Over the course of 11 albums and literally thousands of live performances, Ellis has become one of today’s most electrifying guitarists and vocalists. He attacks his music with rock power and blues feeling, in the same tradition as his Deep South musical heroes Duane Allman and Freddie King and his old friends Derek Trucks and Warren Haynes. Rolling Stone says he plays “feral blues guitar...non-stop gigging has sharpened his six-string to a razor’s edge...his eloquence dazzles...he achieves pyrotechnics that rival early Jeff Beck and Eric Clapton.”
SPEAK NO EVIL is the most guitar-driven album of Ellis’ storied career. It features his fiercest, most brutally honest and hardest-hitting original songs to date. The soulfulness and expressiveness of his guitar playing are ferocious, but when the mood calls for it, can be gentle and melodic. Ellis pours his soul into each and every performance with unguarded, raw emotion. With rip-roaring songs that are both poignant and humorous, SPEAK NO EVIL is as wide-ranging and inspired a recording as Ellis has ever made, and one of the most satisfying Southern blues-rock albums in ages.
Tinsley Ellis wears his Southern roots proudly. Born in Atlanta in 1957, he grew up in southern Florida and first played guitar at age eight. He found the blues through the back door of British Invasion bands like The Yardbirds, The Animals, Cream, and The Rolling Stones. He especially loved the Kings — Freddie, B.B. and Albert — and spent hours immersing himself in their music. His love for the blues solidified when he was 14. At a B.B. King performance, Tinsley sat mesmerized in the front row. When B.B. broke a string on Lucille, he changed it without missing a beat, and handed the broken string to Ellis. After the show, B.B. came out and talked with fans, further impressing Tinsley with his warmth and down-to-earth attitude. By now Tinsley’s fate was sealed; he had to become a blues guitarist. And yes, he still has that string.

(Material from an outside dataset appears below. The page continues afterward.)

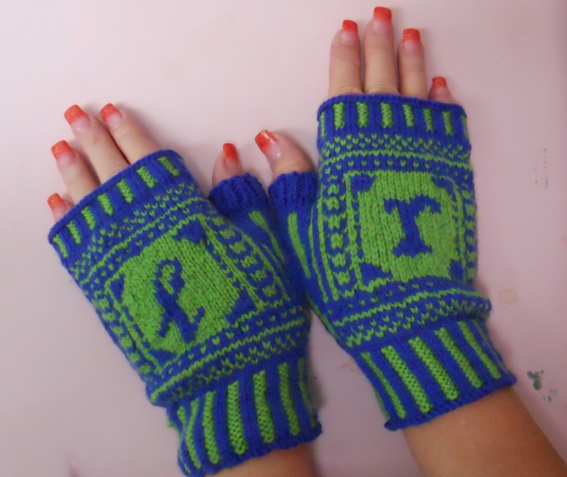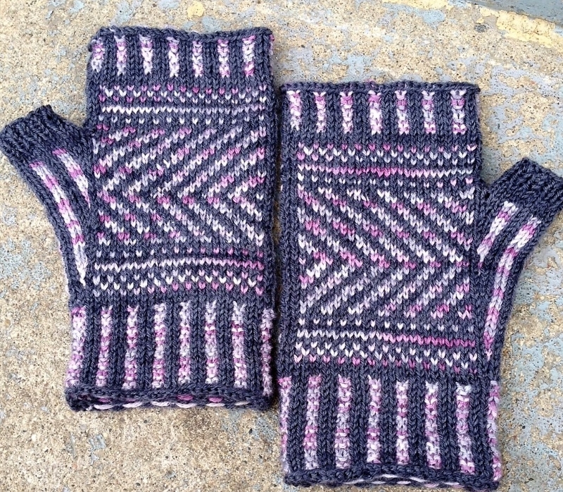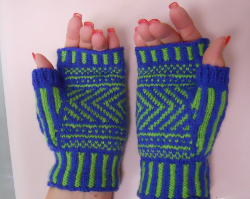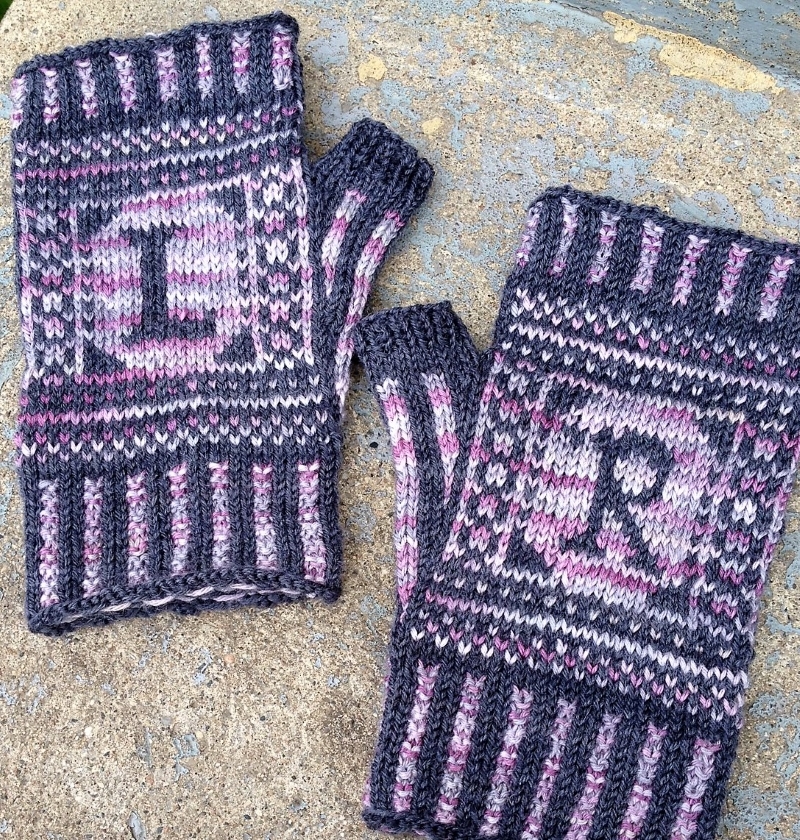 My Sense of Direction Mitts, a whimsical, tongue-in-cheek design. Pattern includes both charts and written directions and includes charts for both upper and lower case L and R.

Already an accomplished teenaged musician, Ellis left Florida and returned to Atlanta in 1975. He soon joined the Alley Cats, a gritty blues band that included Preston Hubbard (of Fabulous Thunderbirds fame). In 1981, along with veteran blues singer and harpist Chicago Bob Nelson, Tinsley formed The Heartfixers, a group that would become Atlanta’s top-drawing blues band. Upon hearing Live At The Moonshadow (Landslide), the band’s second release, The Washington Post declared, “Tinsley Ellis is a legitimate guitar hero.” After cutting two more Heartfixers albums for Landslide, Cool On It (featuring Tinsley’s vocal debut) and Tore Up (with vocals by blues shouter Nappy Brown), Ellis was ready to head out on his own.
GEORGIA BLUE, Tinsley’s first Alligator release, hit an unprepared public by surprise in 1988. Critics and fans quickly agreed that a new and original guitar hero had emerged. “It’s hard to overstate the raw power of his music,” raved The Chicago Sun-Times. Before long, Alligator arranged to reissue COOL ON IT and TORE UP, thus exposing Tinsley’s blistering earlier music to a growing fan base.
Tinsley’s subsequent releases — 1989’s FANNING THE FLAMES, 1992’s TROUBLE TIME, 1994’s STORM WARNING, and 1997’s FIRE IT UP — further expanded the guitarist’s hero status. By now his talents as a songwriter equaled his guitar prowess, and critics, writers, radio programmers and fans around the country were taking notice. Features and reviews ran in Rolling Stone, The Chicago Tribune, The Washington Post, The Los Angeles Times, The Boston Globe, and in many other national and regional publications. His largest audience by far came when NBC Sports ran a feature on Atlanta’s best blues guitarist during their 1996 Summer Olympic coverage, viewed by millions of people all over the world.
After one album for Capricorn and two for Telarc, Ellis returned to Alligator in 2005 with the searing guitar-fueled LIVE-HIGHWAYMAN. It was the live recording his fans had been demanding for years. Recorded at a packed club just outside Chicago, the CD took Ellis’ extended soloing and heartfelt vocals to staggering heights. His return to the studio in 2007 produced MOMENT OF TRUTH, an album The Chicago Tribune called “incendiary and inspired.”
Averaging over 150 live shows a year, Ellis has played in all 50 states, as well as Canada, Europe, Australia and South America. He has shared stages with almost every major blues star, including Stevie Ray Vaughan, Otis Rush, Willie Dixon, Son Seals, Koko Taylor, Albert Collins and many others. Whether he’s out with his own band or sharing stages with major artists like Buddy Guy, The Allman Brothers, Gov’t Mule or Widespread Panic, he always digs deep and plays, as Guitar Player says, “…as if his life depended on it.” With SPEAK NO EVIL and continued non-stop touring, Ellis will bring his monumental guitar work and intensely powerful vocals to rock and blues fans all over the world, letting his songs and his guitar do the talking.